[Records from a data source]
<<<<

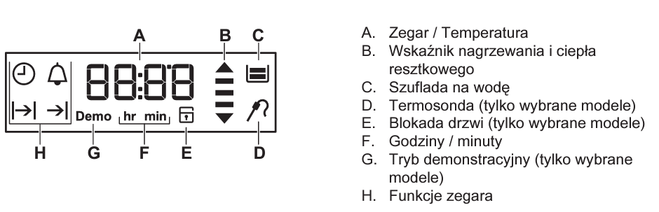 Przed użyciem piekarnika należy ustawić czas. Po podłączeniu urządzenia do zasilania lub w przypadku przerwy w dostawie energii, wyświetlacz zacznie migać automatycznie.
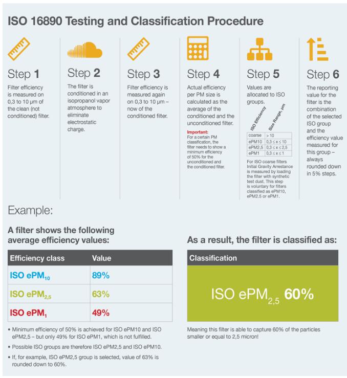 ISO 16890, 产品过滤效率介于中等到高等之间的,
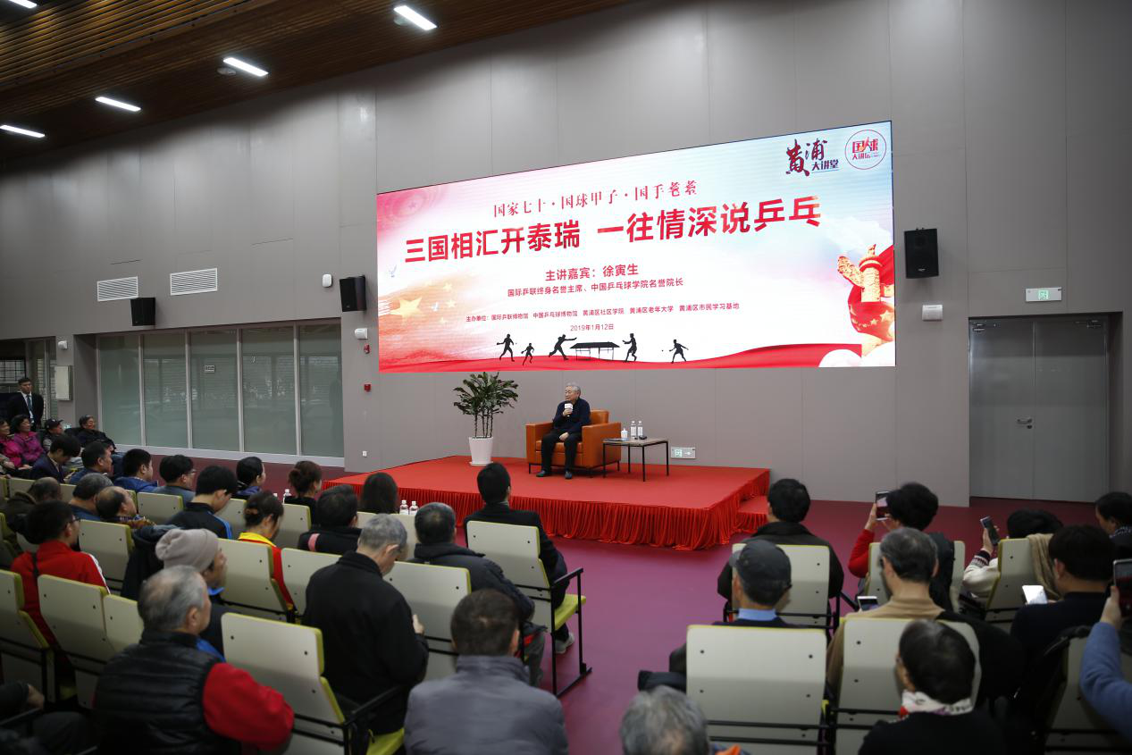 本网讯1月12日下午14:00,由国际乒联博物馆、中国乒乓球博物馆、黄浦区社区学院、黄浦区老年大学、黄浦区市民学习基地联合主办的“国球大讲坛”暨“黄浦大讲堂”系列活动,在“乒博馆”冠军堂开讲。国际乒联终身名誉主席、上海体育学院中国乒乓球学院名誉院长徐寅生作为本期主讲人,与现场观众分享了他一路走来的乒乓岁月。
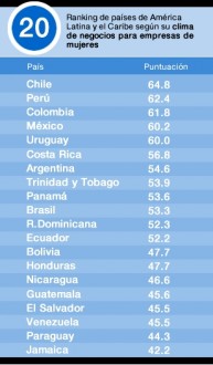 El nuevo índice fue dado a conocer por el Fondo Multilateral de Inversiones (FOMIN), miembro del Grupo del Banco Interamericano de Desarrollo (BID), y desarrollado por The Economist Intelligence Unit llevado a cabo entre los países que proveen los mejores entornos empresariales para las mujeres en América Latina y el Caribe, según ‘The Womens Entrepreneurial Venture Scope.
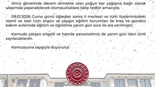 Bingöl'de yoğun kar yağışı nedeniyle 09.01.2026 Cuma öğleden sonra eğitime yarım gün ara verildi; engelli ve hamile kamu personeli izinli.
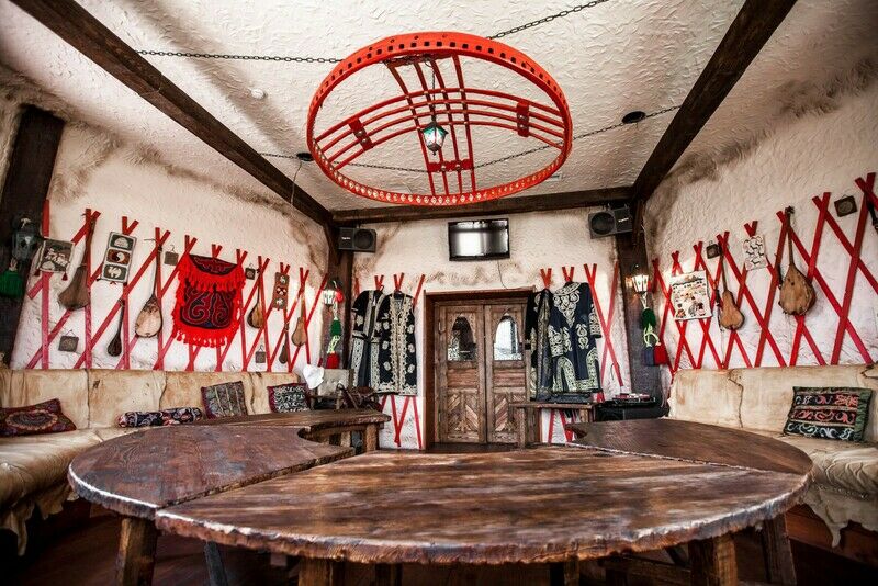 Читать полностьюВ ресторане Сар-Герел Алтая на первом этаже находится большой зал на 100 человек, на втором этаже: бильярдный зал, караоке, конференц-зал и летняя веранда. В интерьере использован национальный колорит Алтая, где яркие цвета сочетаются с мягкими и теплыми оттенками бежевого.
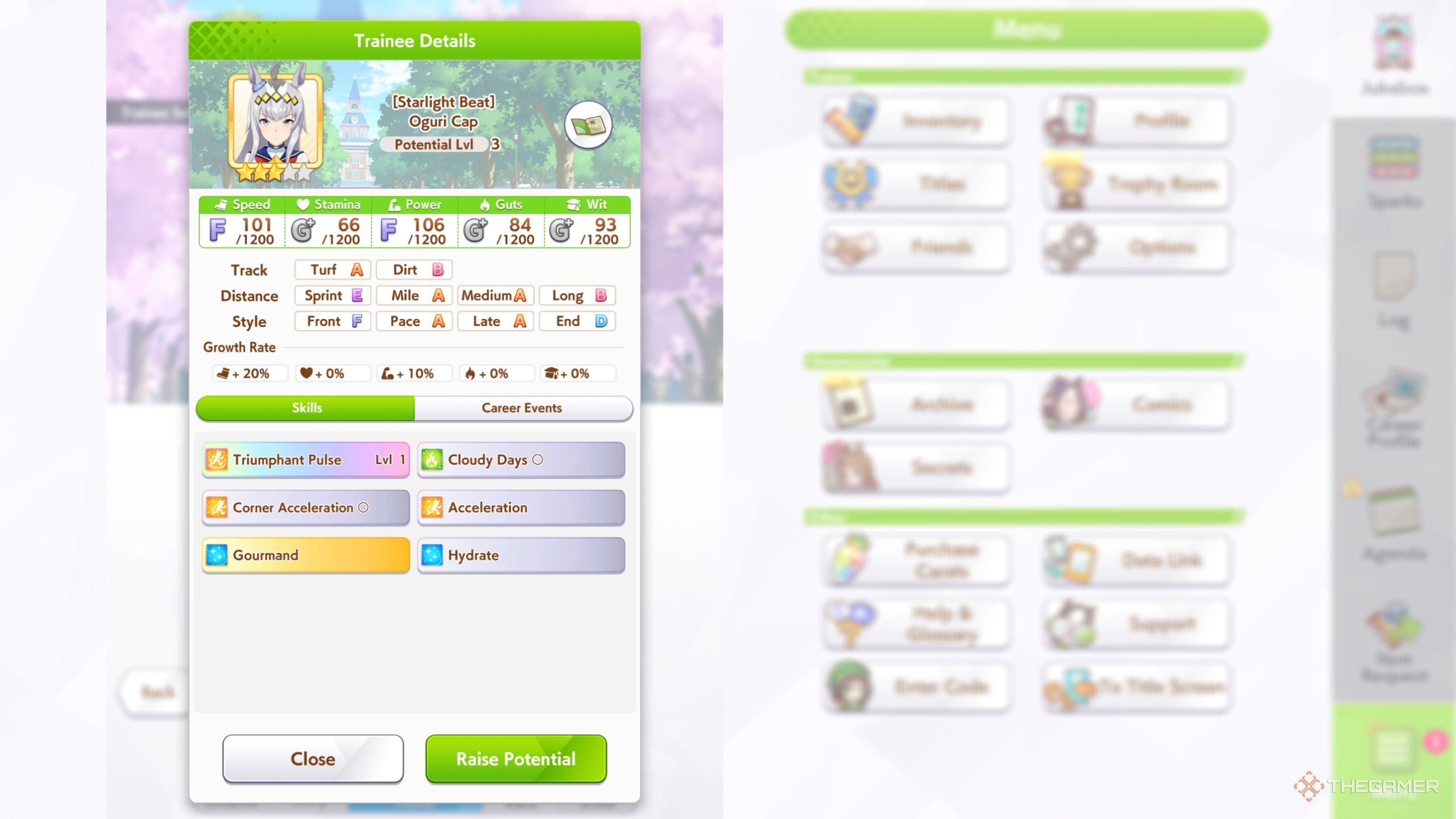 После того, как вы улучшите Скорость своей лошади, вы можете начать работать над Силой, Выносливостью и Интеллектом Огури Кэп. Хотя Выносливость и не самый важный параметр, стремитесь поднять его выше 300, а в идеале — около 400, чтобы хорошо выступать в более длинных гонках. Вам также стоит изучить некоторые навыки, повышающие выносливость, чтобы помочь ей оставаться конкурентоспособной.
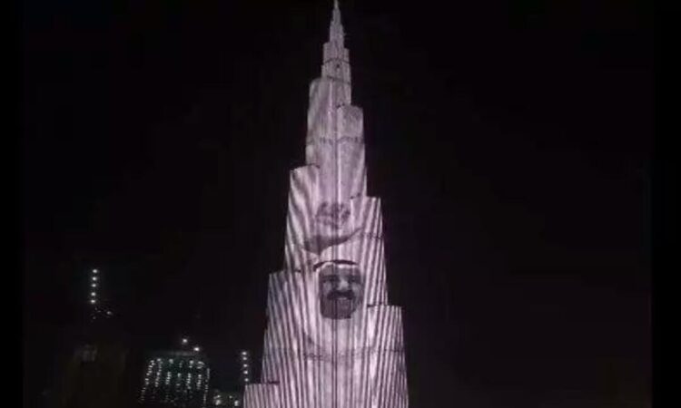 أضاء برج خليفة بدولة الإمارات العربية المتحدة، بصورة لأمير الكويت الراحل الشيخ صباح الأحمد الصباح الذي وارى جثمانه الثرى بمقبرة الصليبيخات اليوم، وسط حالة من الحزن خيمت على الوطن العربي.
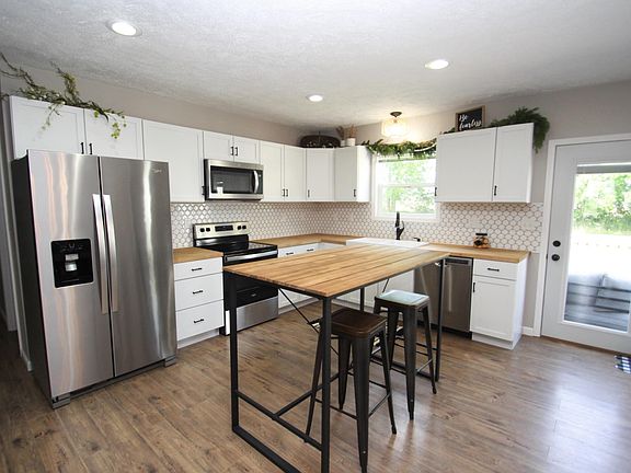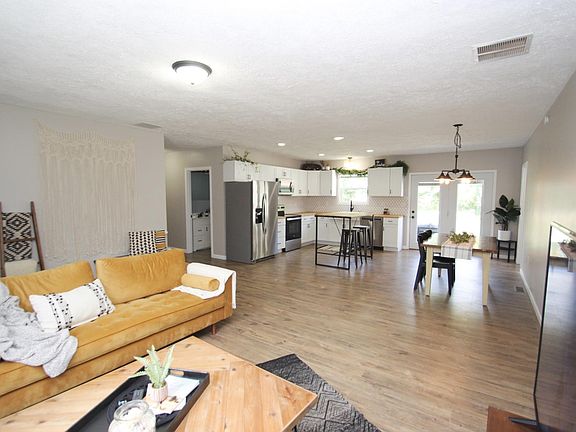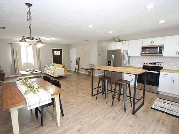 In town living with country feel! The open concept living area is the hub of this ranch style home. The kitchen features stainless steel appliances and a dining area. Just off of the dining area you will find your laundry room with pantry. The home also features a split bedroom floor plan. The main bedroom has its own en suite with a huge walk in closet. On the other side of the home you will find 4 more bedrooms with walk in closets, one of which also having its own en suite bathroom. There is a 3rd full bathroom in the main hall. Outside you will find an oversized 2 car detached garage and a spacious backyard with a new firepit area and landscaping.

>>>>

• Work request:
Each line above should be output exactly, apart from the pictures.

• Reply to the task:
 Przed użyciem piekarnika należy ustawić czas. Po podłączeniu urządzenia do zasilania lub w przypadku przerwy w dostawie energii, wyświetlacz zacznie migać automatycznie.
 ISO 16890, 产品过滤效率介于中等到高等之间的,
 本网讯1月12日下午14:00,由国际乒联博物馆、中国乒乓球博物馆、黄浦区社区学院、黄浦区老年大学、黄浦区市民学习基地联合主办的“国球大讲坛”暨“黄浦大讲堂”系列活动,在“乒博馆”冠军堂开讲。国际乒联终身名誉主席、上海体育学院中国乒乓球学院名誉院长徐寅生作为本期主讲人,与现场观众分享了他一路走来的乒乓岁月。
 El nuevo índice fue dado a conocer por el Fondo Multilateral de Inversiones (FOMIN), miembro del Grupo del Banco Interamericano de Desarrollo (BID), y desarrollado por The Economist Intelligence Unit llevado a cabo entre los países que proveen los mejores entornos empresariales para las mujeres en América Latina y el Caribe, según ‘The Womens Entrepreneurial Venture Scope.
 Bingöl'de yoğun kar yağışı nedeniyle 09.01.2026 Cuma öğleden sonra eğitime yarım gün ara verildi; engelli ve hamile kamu personeli izinli.
 Читать полностьюВ ресторане Сар-Герел Алтая на первом этаже находится большой зал на 100 человек, на втором этаже: бильярдный зал, караоке, конференц-зал и летняя веранда. В интерьере использован национальный колорит Алтая, где яркие цвета сочетаются с мягкими и теплыми оттенками бежевого.
 После того, как вы улучшите Скорость своей лошади, вы можете начать работать над Силой, Выносливостью и Интеллектом Огури Кэп. Хотя Выносливость и не самый важный параметр, стремитесь поднять его выше 300, а в идеале — около 400, чтобы хорошо выступать в более длинных гонках. Вам также стоит изучить некоторые навыки, повышающие выносливость, чтобы помочь ей оставаться конкурентоспособной.
 أضاء برج خليفة بدولة الإمارات العربية المتحدة، بصورة لأمير الكويت الراحل الشيخ صباح الأحمد الصباح الذي وارى جثمانه الثرى بمقبرة الصليبيخات اليوم، وسط حالة من الحزن خيمت على الوطن العربي.
 In town living with country feel! The open concept living area is the hub of this ranch style home. The kitchen features stainless steel appliances and a dining area. Just off of the dining area you will find your laundry room with pantry. The home also features a split bedroom floor plan. The main bedroom has its own en suite with a huge walk in closet. On the other side of the home you will find 4 more bedrooms with walk in closets, one of which also having its own en suite bathroom. There is a 3rd full bathroom in the main hall. Outside you will find an oversized 2 car detached garage and a spacious backyard with a new firepit area and landscaping.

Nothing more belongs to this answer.